_Working data:_

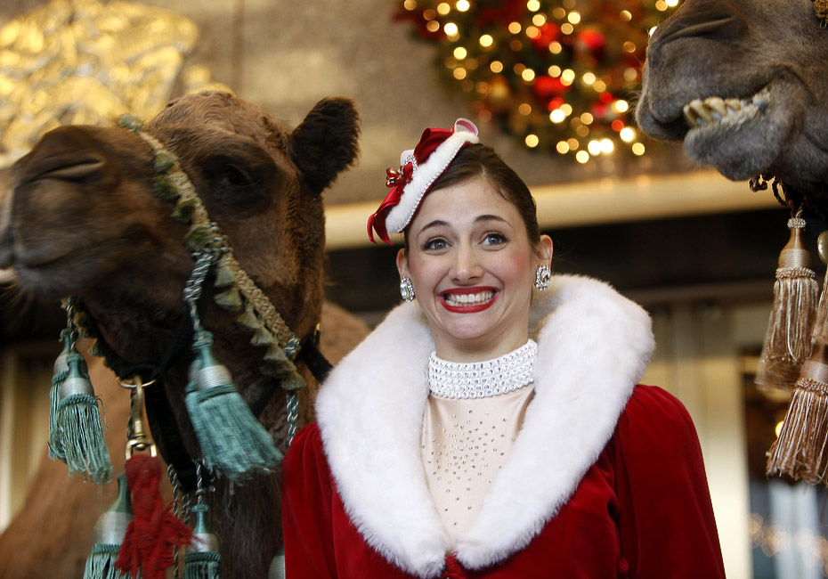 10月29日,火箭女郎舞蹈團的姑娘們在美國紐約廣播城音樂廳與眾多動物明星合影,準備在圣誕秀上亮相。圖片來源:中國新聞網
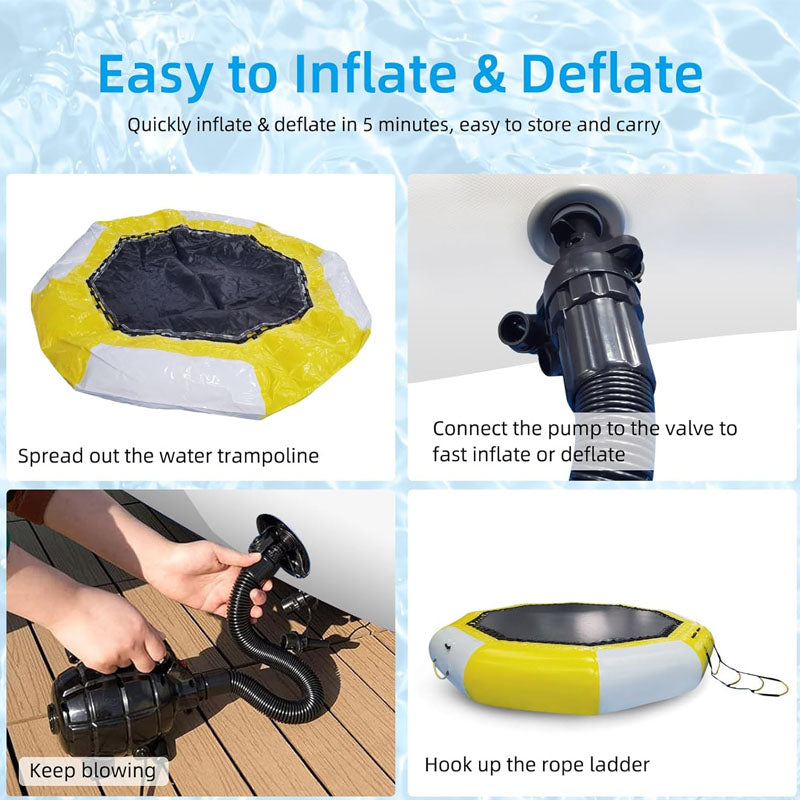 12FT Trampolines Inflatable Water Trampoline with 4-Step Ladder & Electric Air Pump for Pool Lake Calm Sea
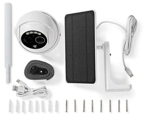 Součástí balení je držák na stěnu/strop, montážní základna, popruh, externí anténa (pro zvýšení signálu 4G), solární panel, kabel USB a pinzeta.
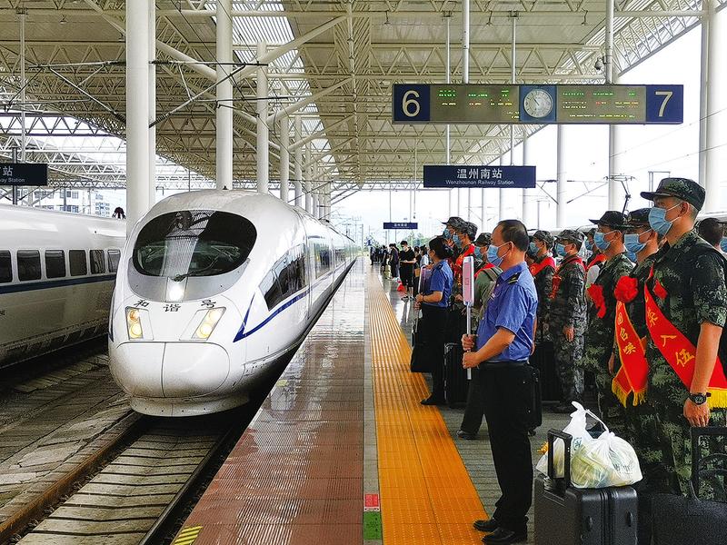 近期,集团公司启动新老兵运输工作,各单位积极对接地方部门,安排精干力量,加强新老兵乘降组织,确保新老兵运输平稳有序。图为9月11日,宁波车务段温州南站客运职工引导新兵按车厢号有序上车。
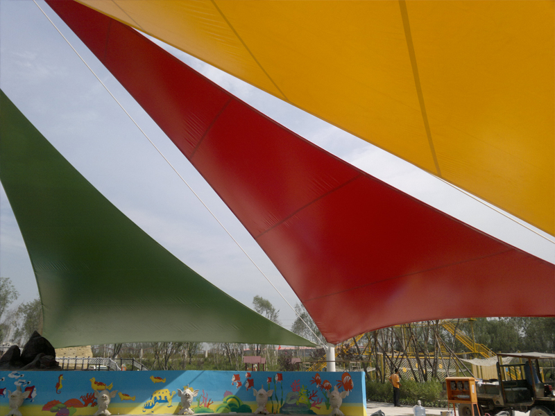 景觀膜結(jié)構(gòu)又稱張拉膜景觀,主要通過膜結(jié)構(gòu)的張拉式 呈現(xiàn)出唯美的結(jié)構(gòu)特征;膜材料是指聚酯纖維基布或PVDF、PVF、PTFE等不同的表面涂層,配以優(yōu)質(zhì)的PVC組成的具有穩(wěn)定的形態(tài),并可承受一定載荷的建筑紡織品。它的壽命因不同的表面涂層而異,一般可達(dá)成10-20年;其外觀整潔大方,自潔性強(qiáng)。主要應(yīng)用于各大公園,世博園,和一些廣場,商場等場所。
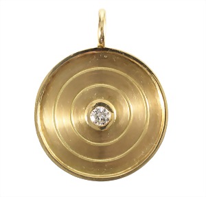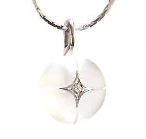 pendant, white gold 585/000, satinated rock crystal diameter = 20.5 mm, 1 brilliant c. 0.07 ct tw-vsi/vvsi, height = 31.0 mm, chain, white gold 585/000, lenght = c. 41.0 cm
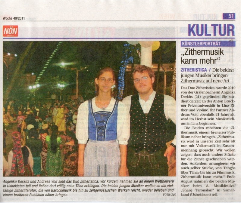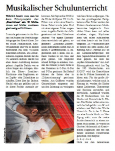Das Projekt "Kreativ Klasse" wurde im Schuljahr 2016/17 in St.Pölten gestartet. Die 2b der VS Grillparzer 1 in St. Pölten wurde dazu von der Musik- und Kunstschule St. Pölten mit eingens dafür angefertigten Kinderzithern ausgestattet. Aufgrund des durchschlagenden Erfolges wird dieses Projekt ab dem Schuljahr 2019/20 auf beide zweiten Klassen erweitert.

_Work to complete:_ Leave out the images and write out the listing above exactly.

_Answer to the problem:_
 10月29日,火箭女郎舞蹈團的姑娘們在美國紐約廣播城音樂廳與眾多動物明星合影,準備在圣誕秀上亮相。圖片來源:中國新聞網
 12FT Trampolines Inflatable Water Trampoline with 4-Step Ladder & Electric Air Pump for Pool Lake Calm Sea
 Součástí balení je držák na stěnu/strop, montážní základna, popruh, externí anténa (pro zvýšení signálu 4G), solární panel, kabel USB a pinzeta.
 近期,集团公司启动新老兵运输工作,各单位积极对接地方部门,安排精干力量,加强新老兵乘降组织,确保新老兵运输平稳有序。图为9月11日,宁波车务段温州南站客运职工引导新兵按车厢号有序上车。
 景觀膜結(jié)構(gòu)又稱張拉膜景觀,主要通過膜結(jié)構(gòu)的張拉式 呈現(xiàn)出唯美的結(jié)構(gòu)特征;膜材料是指聚酯纖維基布或PVDF、PVF、PTFE等不同的表面涂層,配以優(yōu)質(zhì)的PVC組成的具有穩(wěn)定的形態(tài),并可承受一定載荷的建筑紡織品。它的壽命因不同的表面涂層而異,一般可達(dá)成10-20年;其外觀整潔大方,自潔性強(qiáng)。主要應(yīng)用于各大公園,世博園,和一些廣場,商場等場所。
 pendant, white gold 585/000, satinated rock crystal diameter = 20.5 mm, 1 brilliant c. 0.07 ct tw-vsi/vvsi, height = 31.0 mm, chain, white gold 585/000, lenght = c. 41.0 cm
Das Projekt "Kreativ Klasse" wurde im Schuljahr 2016/17 in St.Pölten gestartet. Die 2b der VS Grillparzer 1 in St. Pölten wurde dazu von der Musik- und Kunstschule St. Pölten mit eingens dafür angefertigten Kinderzithern ausgestattet. Aufgrund des durchschlagenden Erfolges wird dieses Projekt ab dem Schuljahr 2019/20 auf beide zweiten Klassen erweitert.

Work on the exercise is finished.